I am new to Spark and Scala. I am trying to fetch contents from a procedure in SQL-server to use it in Spark SQL. For that, I am importing the data via JDBCRDD in Scala (Eclipse) and making an RDD from the procedure.
After creating the RDD, I am registering it as a temporary table and then using sqlContext.sql("Select query to select particular columns").
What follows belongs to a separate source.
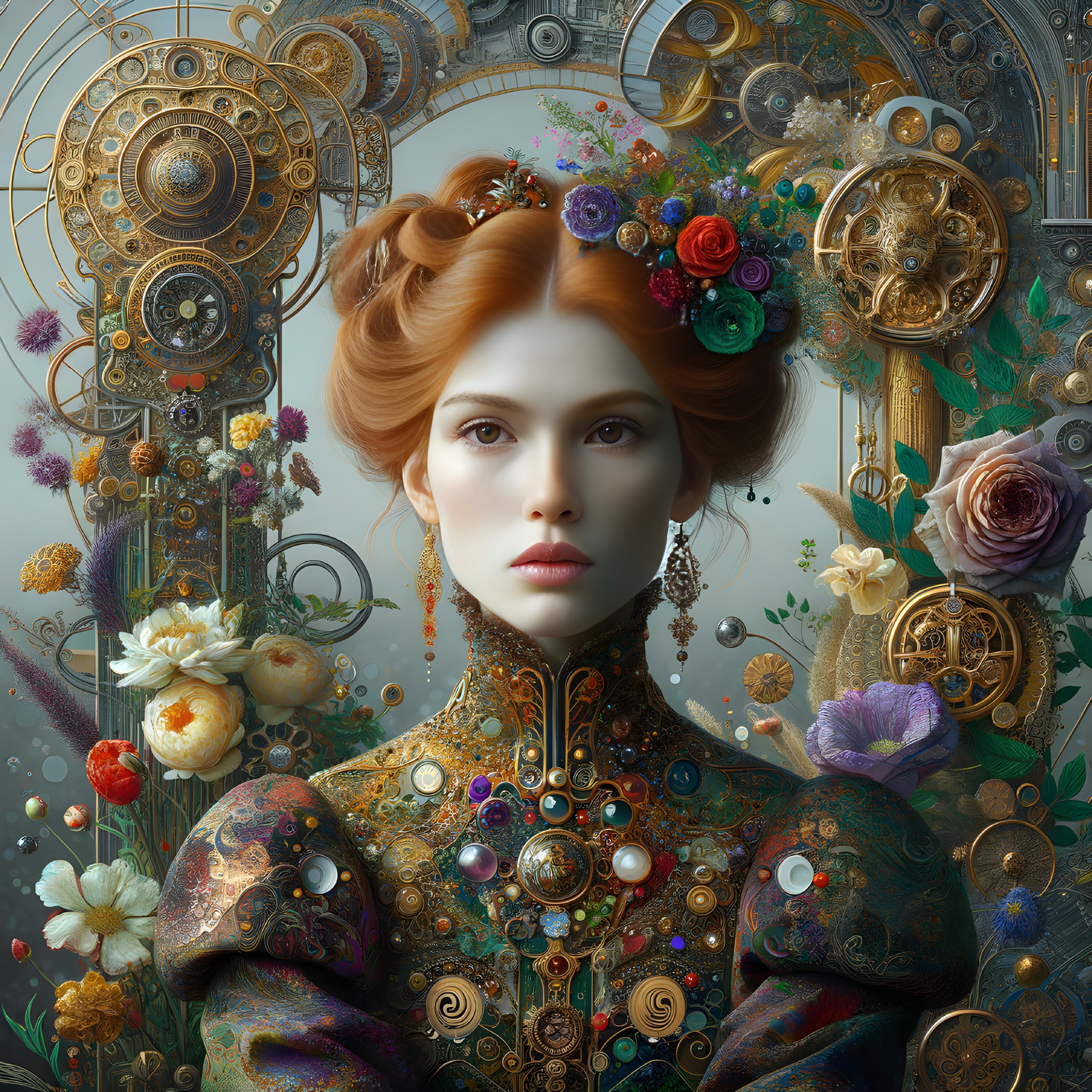 A breathtaking artwork featuring a stunning red-haired woman in a Klimt-inspired outfit, surrounded by intricate details like flowers, with a steampunk background. The piece showcases vibrant colors and fine details in high-resolution, creating a mesmerizing and detailed masterpiece.

But when I enter column names in the select query, it is throwing an error as I do not have column names in neither RDD, nor the temporary table.
Please find below my code:
val driver = "com.microsoft.sqlserver.jdbc.SQLServerDriver"
val url = XXXX
val username = XXXX
val password = XXXX
val query = "select A, B, C, D from Random_Procedure where ID_1 = ? and ID_2 = ?"
// New SparkContext
val sc = new SparkConf().setMaster("local").setAppName("Amit")
val sparkContext = new SparkContext(sc)
val rddData = new JdbcRDD(sparkContext, () =>
DriverManager.getConnection(url, username, password),
query, 1, 0, 1, (x: ResultSet) => x.getString("A") + ", " +
x.getString("B") + ", " + x.getString("C") + ", " +
x.getString("D")).cache()
val sqlContext = new SQLContext(sparkContext)
import sqlContext.implicits._
val dataFrame = rddData.toDF
dataFrame.registerTempTable("Data")
sqlContext.sql("select A from Data").collect.foreach(println)
When I run this code, it throws an error: cannot resolve 'code' given input columns _1;
But when I run: sqlContext.sql("select * from Data").collect.foreach(println) It prints all columns A, B, C, D
I believe I did not fetch column names in the JdbcRDD that I created, hence they are not accessible in the temporary table. I need help.